Giving Thanks...even if sometimes things suck!

HAPPY THANKSGIVING (Well, happy day after! I mean, how could I write when I had so much eating to do? And believe me, there wasn't a dish left untasted, except for anything with fruit, I don't eat the fruit)!! Anyway, I have decided to be more grateful for the things I have, even if they aren't exactly as I would like them to be (let's face it, nothing and nobody is perfect, except for maybe Clooney). It seemed appropriate to start on Thanksgiving (or the day after, see above food coma explanation) and so it is my intention to express my thanks everyday for a specific thing (no matter how small, or silly it may seem to others) until December 31st. I will try to make a daily thankful blog post but lets face it, I'm lazy so don't get your hopes up, but I will make a shout out on my Facebook status for the thing I'm grateful for:!/JAGarrish

DAY #1: I'm grateful for the gift of music (and for a moment that changed my life). I hope you enjoy the story below (I wrote it in a writing class I took this fall)! And be grateful for something today, maybe while you are waiting on a completely ridiculous long line at the mall. Hey, at least you aren't at work like I am (Yes, I'm grateful for my job, but let's not be too thankful on the first day, I gotta space it out):

As the lights went down, I clutched the sleeve of my jacket and my excitement grew. I didn’t know exactly what was going to happen, but I had a strong feeling I was going to like it. Why wouldn’t I? Music has always been a part of my life since I was old enough to remember hearing a song play on the radio. I sang around my house, into my hair brush, as well as other various substitutes for a microphone ( I was too shy to talk to someone I didn’t know but give me a song and watch me go). Sometimes you could find me making up songs about farm animals, though I’m not sure what my obsession with farm animals was about. And it wasn’t unusual to find me and the neighborhood kids putting on shows in our backyards, much to the chagrin of our parents. Come to think of it, I don’t think we sold one ticket, nor did we ever perform for an audience but boy did we rehearse for that show. I can clearly remember lip-synching, before it had a name and dancing my improvised choreography to “What a Feeling” from the movie Flashdance on the white cracked pavement of the Miale’s driveway. Man I had some really good moves. I also remember the first cassette album I ever bought, I don’t know where I got the money for it but I can still smell the plastic as I held that tape with Madonna’s picture on the front. Or my brother giving me the 45 of Elton John’s Little Jeannie, because they way he sang it kinda sounded like Little Jean Ann. That’s our story and we’re sticking to it.

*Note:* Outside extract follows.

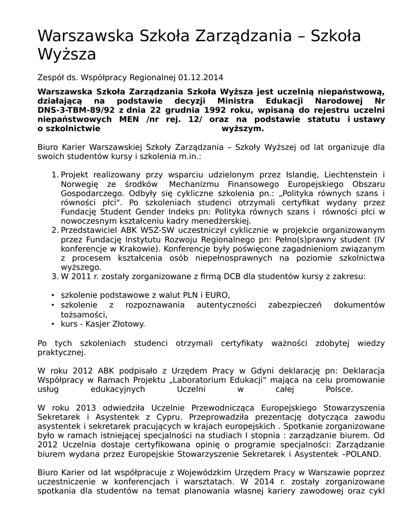 Warszawska Szkoła Zarządzania – Szkoła Wyższa Zespół ds. Współpracy Regionalnej 01.12.2014 Warszawska Szkoła Zarządzania Szkoła Wyższa jest uczelnią niepaństwową, działającą na podstawie decyzji Ministra Edukacji Narodowej Nr DNS-3-TBM-89/92 z dnia 22 grudnia 1992 roku, wpisaną do rejestru uczelni niepaństwowych MEN /nr rej. 12/ oraz na podstawie statutu i ustawy o szkolnictwie wyższym. Biuro Karier Warszawskiej Szkoły Zarządzania – Szkoły Wyższej od lat organizuje dla swoich studentów kursy i szkolenia m.in.: 1. Projekt realizowany przy wsparciu udzielonym przez Islandię, Liechtenstein i Norwegię ze środków Mechanizmu Finansowego Europejskiego Obszaru Gospodarczego. Odbyły się cykliczne szkolenia pn.: „Polityka równych szans i równości płci". Po szkoleniach studenci otrzymali certyfikat wydany przez Fundację Student Gender Indeks pn: Polityka równych szans i równości płci w nowoczesnym kształceniu kadry menedżerskiej. 2. Przedstawiciel ABK WSZ-SW uczestniczył cyklicznie w projekcie organizowanym przez Fundację Instytutu Rozwoju Regionalnego pn: Pełno(s)prawny student (IV konferencje w Krakowie). Konferencje były poświęcone zagadnieniom związanym z procesem kształcenia osób niepełnosprawnych na poziomie szkolnictwa wyższego. 3. W 2011 r. zostały zorganizowane z firmą DCB dla studentów kursy z zakresu: • szkolenie podstawowe z walut PLN i EURO, • szkolenie z rozpoznawania autentyczności tożsamości, • kurs - Kasjer Złotowy. Po tych szkoleniach praktycznej. studenci otrzymali certyfikaty zabezpieczeń ważności dokumentów zdobytej wiedzy W roku 2012 ABK podpisało z Urzędem Pracy w Gdyni deklarację pn: Deklaracja Współpracy w Ramach Projektu „Laboratorium Edukacji" mająca na celu promowanie usług edukacyjnych Uczelni w całej Polsce. W roku 2013 odwiedziła Uczelnie Przewodnicząca Europejskiego Stowarzyszenia Sekretarek i Asystentek z Cypru. Przeprowadziła prezentację dotycząca zawodu asystentek i sekretarek pracujących w krajach europejskich . Spotkanie zorganizowane było w ramach istniejącej specjalności na studiach I stopnia : zarządzanie biurem. Od 2012 Uczelnia dostaje certyfikowana opinię o programie specjalności: Zarządzanie biurem wydana przez Europejskie Stowarzyszenie Sekretarek i Asystentek –POLAND. Biuro Karier od lat współpracuje z Wojewódzkim Urzędem Pracy w Warszawie poprzez uczestniczenie w konferencjach i warsztatach. W 2014 r. zostały zorganizowane spotkania dla studentów na temat planowania własnej kariery zawodowej oraz cykl spotkań pn. "Bezpieczny Wyjazd-bezpieczny Powrót". Celem spotkań było upowszechnienie informacji nt. europejskiego rynku pracy oraz zapoznanie się z siecią europejskiego pośrednictwa pracy EURES. W czerwcu 2014 r. przedstawiciel ABK wziął udział w konferencji pn: „Monitorowanie karier zawodowych absolwentów. Metody jakościowe i ich rola w badaniach rynku pracy", organizowaną przez Uniwersytet Warszawski i Fundację Rozwoju Edukacji Szkolnictwa Wyższego. W lipcu br. ABK zorganizowało wspólnie z Wojewódzką Komendą OHP "Mobilny Kiermasz Pracy". Przedstawiciel OHP udzielał studentom informacji o aktualnych ofertach pracy m.in. wakacyjnej oraz pomagała w napisaniu dokumentów rekrutacyjnych. Elżbieta e-mail: tel.: Warszawska ul. 01-204 Woźniakowska koordynator ds. Biura [email protected] 22 862 33 40 Szkoła Zarządzania Siedmiogrodzka Warszawa Szkoła 3A Karier Wyższa

So as a ten year old sitting in my red plush seat with my parents and my aunt, I was overwhelmed by the Cole Porter overture that had begun to play. Of course I had no idea who Cole Porter was at that time, but after that night I would never forget him. Nor would I forget the magnificent Patti LuPone. That lady knocked it out of the park. They say you never forget your first and it’s true. I may not remember what I was wearing or how close we were to the stage and I cannot recall the smell of the theatre or whether I got candy during the intermission, but I’ll never forget the moment I sat in my seat during the song “Anything Goes” and with absolute joy in my heart I said to myself, This is what I want to do for the rest of my life.

It’s still like nothing else in the world. Going to see live theatre and being transported to another world. That tiny moment when the lights go down and the first chord is played, or the timpani of the drum is heard can send shivers down my spine in a totally good way. Music in general has such a strong hold on me. It can bring me back to a moment in my life within 4 seconds, it can bring a smile to my face quicker than finding a $20 in my pants pocket, and it can also break my heart. It is truly the universal language and when I get the opportunity to sing I know it’s where I’m supposed to be. I feel completely alive.

I may not be on Broadway yet, nor have I won an Academy Award, but that hasn’t stopped me from making my dreams come true, for I believe once you are given the gift of a dream it is your duty to follow through until you either make that dream a reality or until the dream no longer has a hold on your heart. That one moment in a darkened theatre changed that child’s life forever (not sure had my dad known it would make me want to be a performer, he would have rethought the purchase of those tickets) but I’m grateful for that moment every day, even when I struggle with the disappointments, the let downs, the hurts and the tears, it has shaped my life for the better and I was never the same.